CIRURGIÕES DENTISTAS: O QUE MOTIVA SUA INSERÇÃO NA ESTRATÉGIA SAÚDE DA FAMILIA

Davi Nascimento do Amaral, Leila Chevitarese, Maria de Fátima Nascimento do Amaral

Resumo


Esse projeto objetivou conhecer o que motivou os cirurgiões dentistas (CD) a optarem pelo trabalho na ESF; identificar se há no município de Duque de Caxias (DC) política de gestão do trabalho em saúde (PGTS) que garanta os requisitos básicos para a valorização do trabalhador da saúde (TS) e do seu trabalho (T) e identificar se os CD que atuam ESF receberam na graduação a formação para atuar na APS. É uma pesquisa exploratória com abordagem qualitativa, que teve seu início após autorização pelo CEP UNIGRANRIO. Os CD foram convidados a participar após lerem o Termo de Consentimento Livre e Esclarecido e só os CD assinaram o Termo é que participavam do estudo. Foram entrevistados os CD que atuam em unidades de saúde da família do 1º Distrito no município de DC. Para coleta de dados foi utilizado um questionário de GASPAR; JESUS e CRUZ (2010) modificado, com 64 com questões fechadas. Os CD responderam ao questionário e entregaram ao acadêmico de Iniciação Científica que aguardou pelo preenchimento do mesmo na Unidade Básica de Saúde. Após a coleta dos dados eles foram submetidos à análise estatística a fim de responder aos objetivos do presente projeto. Os resultados mostraram que: 14 CD participaram. 71,4% responderam que não encontram apoio para o aperfeiçoamento profissional. 92,8% não têm liberação de carga horária para aperfeiçoamento profissional. 57,1% disseram que o município não financia cursos para aperfeiçoamento. 64,3% responderam que o município faz parceria com universidades para qualificação dos profissionais. 100% dos CD entrevistados responderam que o município não possui um plano de carreira, cargos e salários implantado. 43% e 7% dos entrevistados não receberam conhecimento algum ou tiveram pouco contato na graduação para atuar na APS, respectivamente.
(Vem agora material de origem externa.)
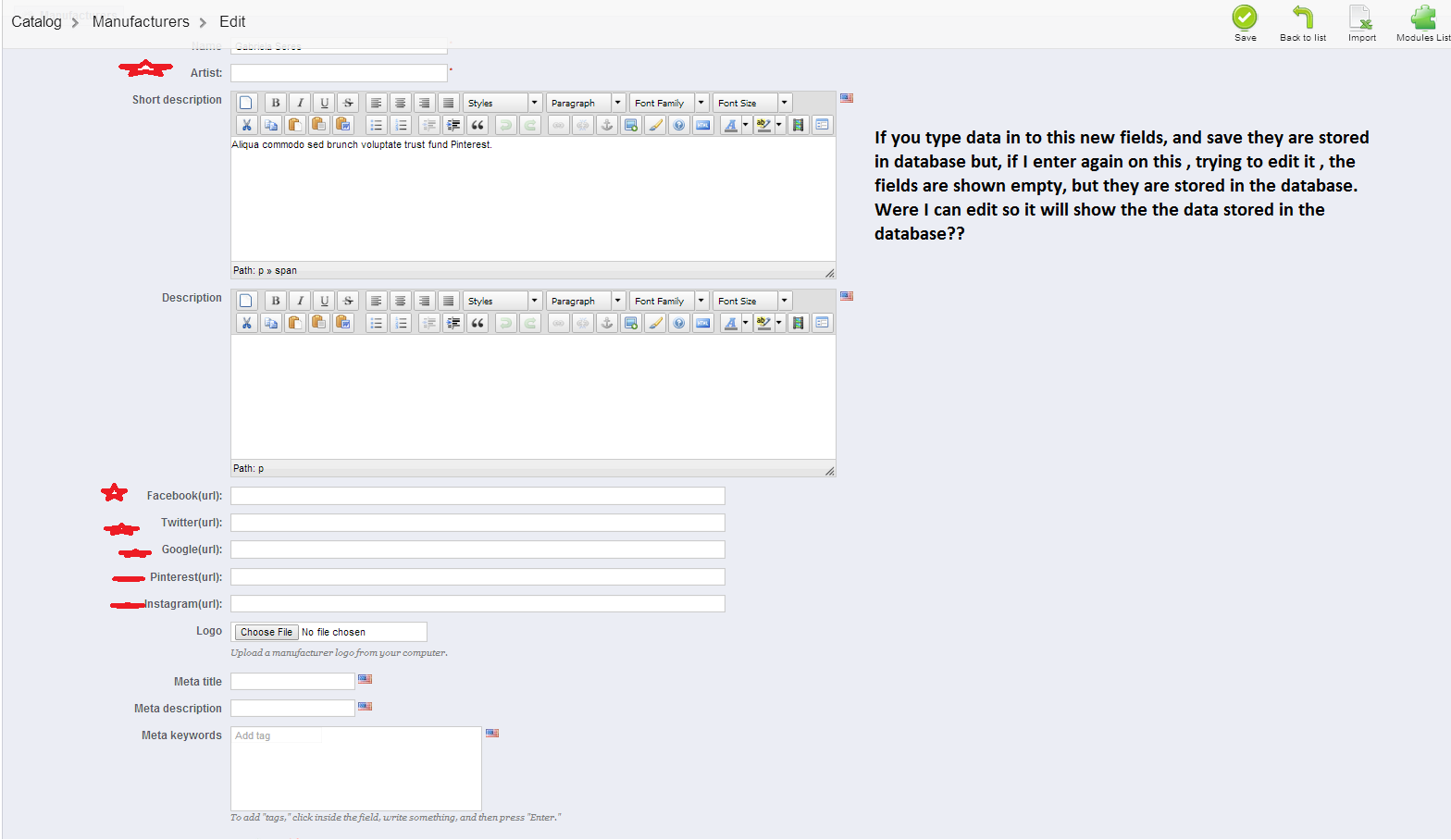 dumad Posted March 28, 2014 Share Posted March 28, 2014 (edited) Hello, I added some new fields to the manufacturer edit page, the data that you enter in this fields is saved in the database, but after you save and close the page, if I enter again on this , trying to edit it , the fields are shown empty, but they are stored in the database. Were I can edit so it will show the the data stored in the database?? PrestaShop 1.5.6.2 Thank you. Edited March 28, 2014 by dumad (see edit history) Link to comment Share on other sites More sharing options...
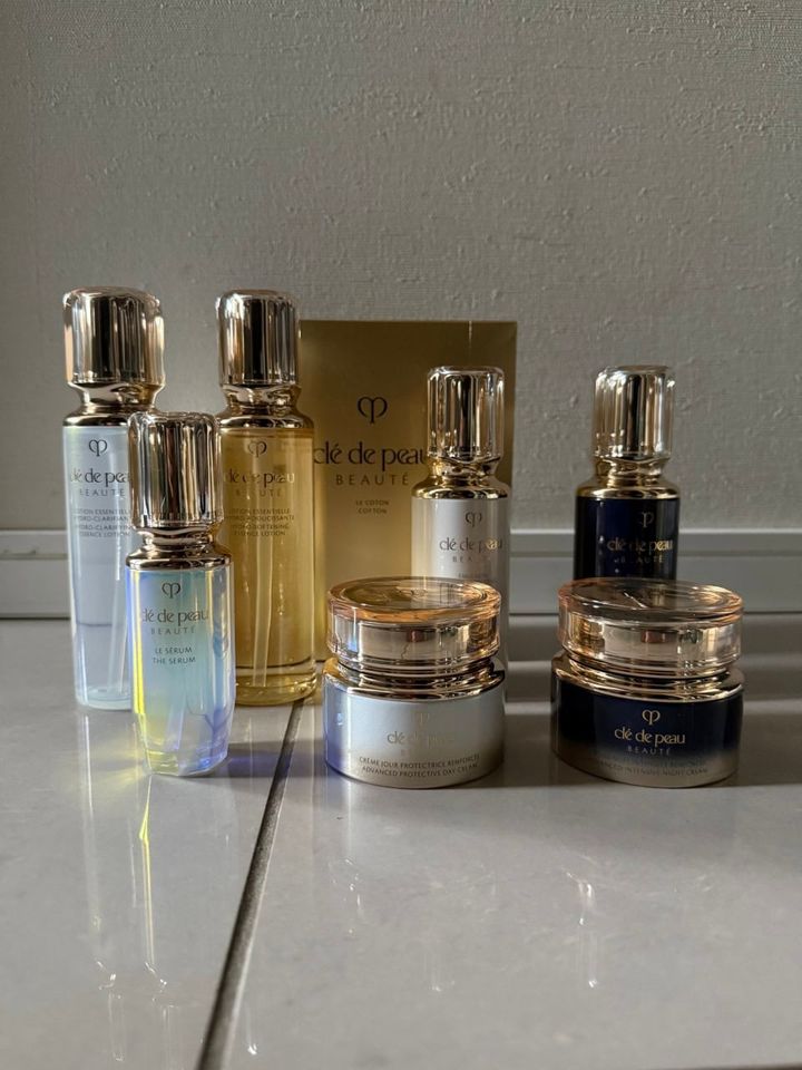 洗顔後に美容液ル・セラムを使用して滑らかにし、ローションで透明感を。その後に朝と夜で分かれた乳液、クリームでハリと弾力を。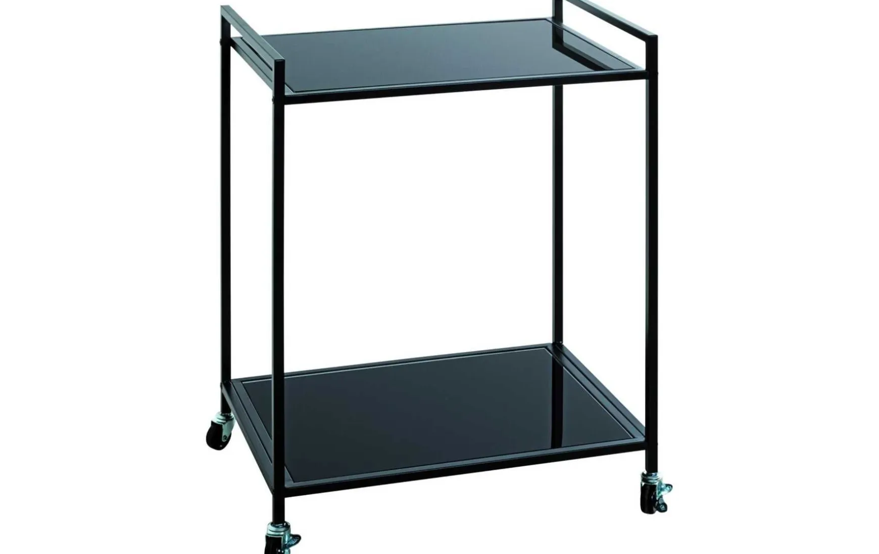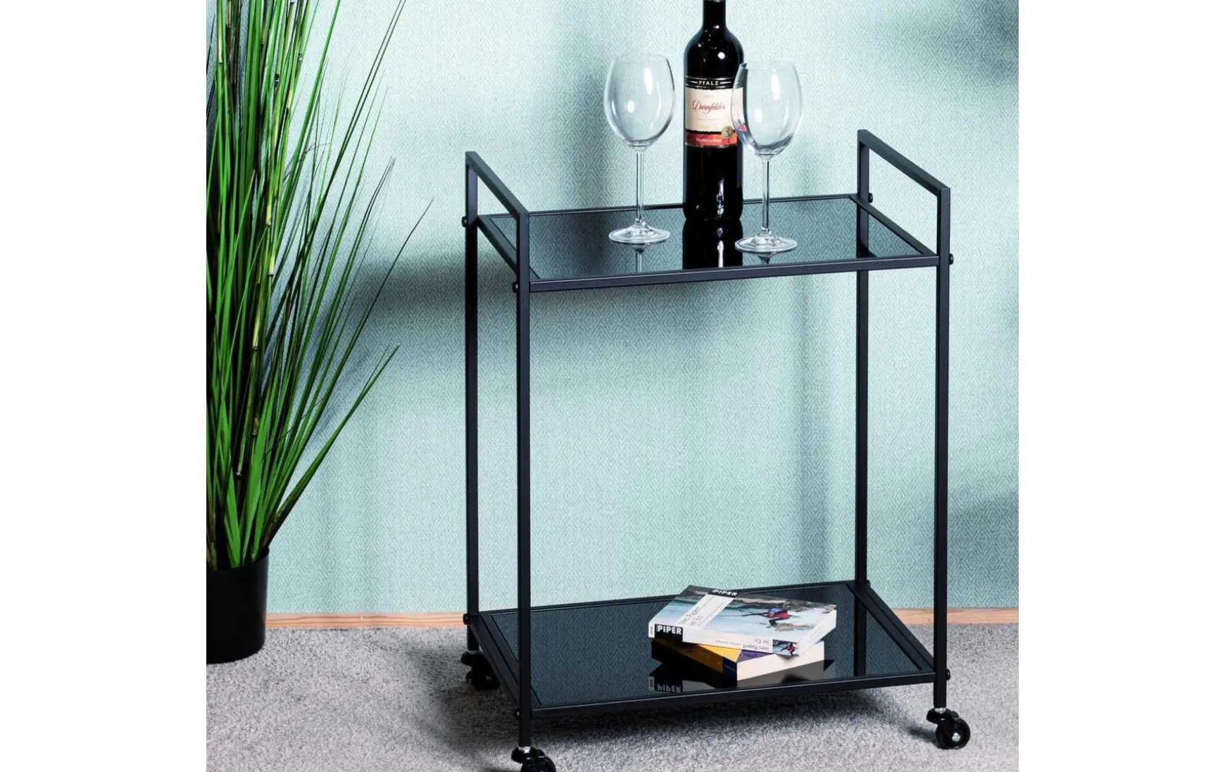 Der moderne Servierwagen überzeugt mit einer eleganten Ablage aus schwarzem Sicherheitsglas und einem stabilen Gestell aus schwarz lackiertem Stahlrohr. Dank der praktischen Zwischenhöhen von ca. 8,5 cm und 51,5 cm bietet er ausreichend Platz für Getränke, Geschirr oder Dekoration und lässt sich vielseitig im Wohn- oder Essbereich einsetzen.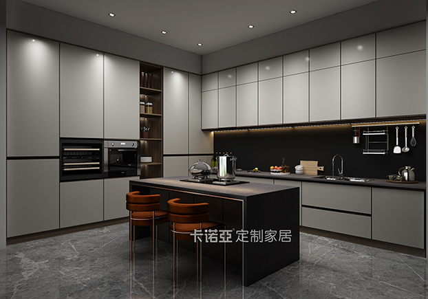 廚房是整面純白色,沒(méi)有多余復(fù)雜的設(shè)計(jì),在靠墻的一面設(shè)置立體置物架,可以放一些調(diào)料和炊具。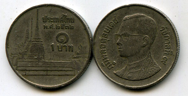 Страна эмитент: Таиланд Год чеканки: 2532г INSERT INTO `products_description` VALUES (1989г) Материал: сплав Состояние: как на скане Описание: профиль короля Рамы 9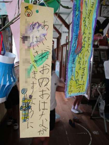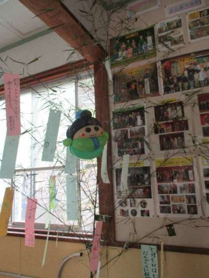 7月5日(火)、彦星様と織姫様のすてきなバルーンアートをいただいたので、早速七夕飾りにつけました。素敵がレベルアップしました。7日には、二人を一緒の笹につけてあげようと思います。かわいい願い事が増えています。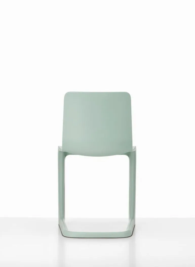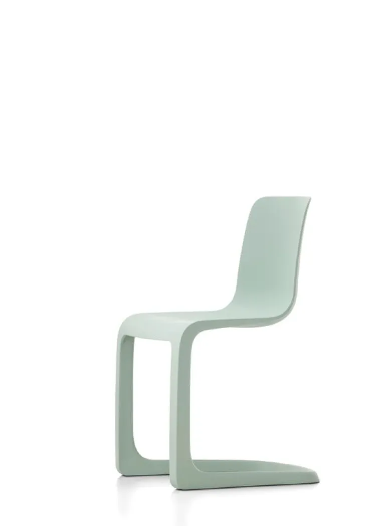 The Vitra EVO-C is a plastic chair designed by Jasper Morrison in 2020, whose sleek expression represents the supernormal design that is typical of Morrison, stripped of all unnecessary details. The chair is a fresh interpretation of the classic cantilever chair: it seamlessly combines the L-shaped leg structure familiar from metal-framed chairs with an ergonomic seat that flexes comfortably when sat on. EVO-C is made of only one material, polypropylene, and is therefore 100% recyclable.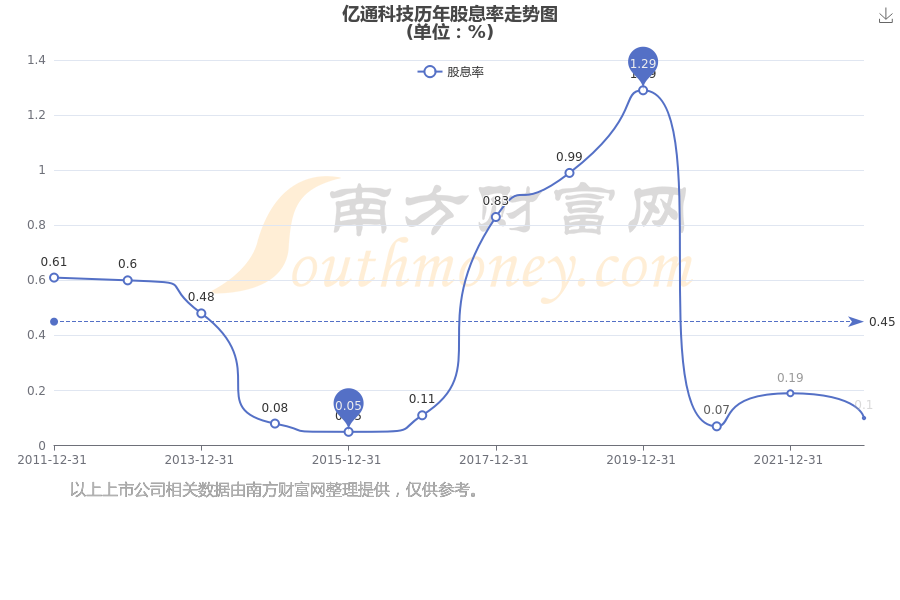 亿通科技最新一次公布的分红方案:10派0.09元。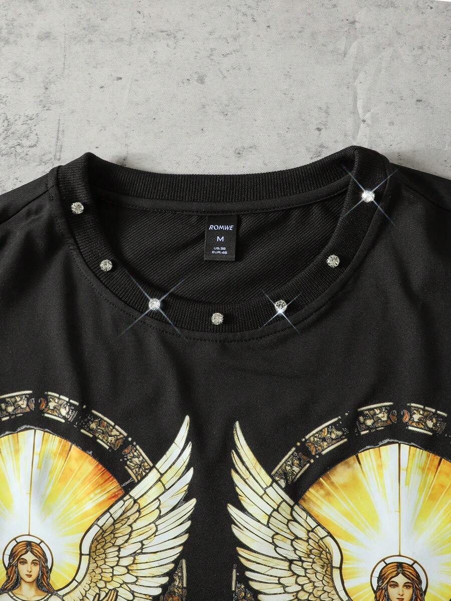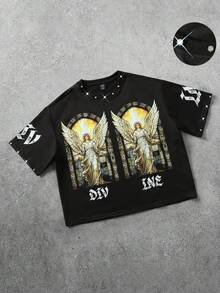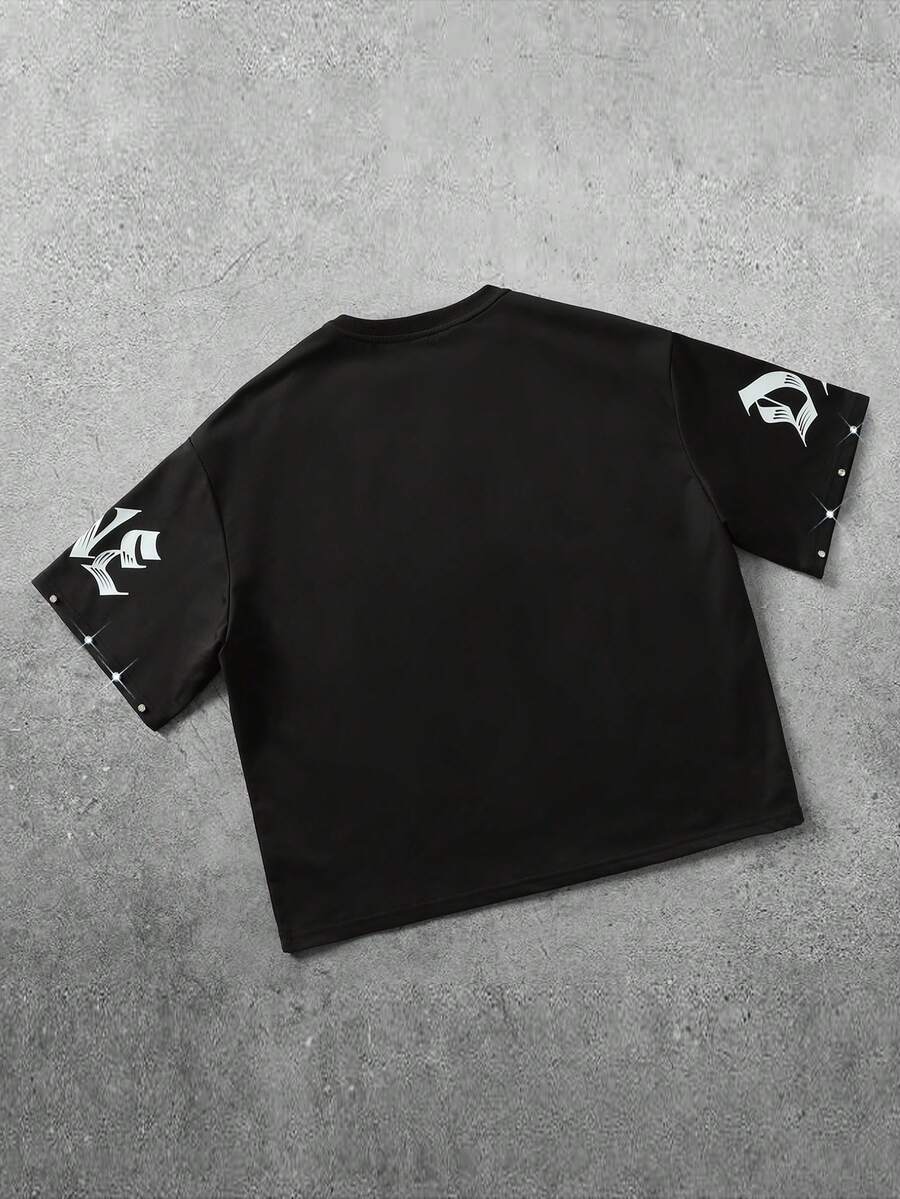 Street Life قميص قصير فضفاض مطبوع بالراين للرجال

As conclusões foram: Os CD participantes optaram pelo trabalho na ESF por ser uma opção de trabalho seguro e estável financeiramente. Em DC não existe PGTS clara que garanta os requisitos básicos para a valorização do TS e do seu T. 50% dos CD entrevistados tiveram pouco ou nenhum preparo para atuar na APS, apontando necessidade de se repensar a formação desses profissionais nas universidades.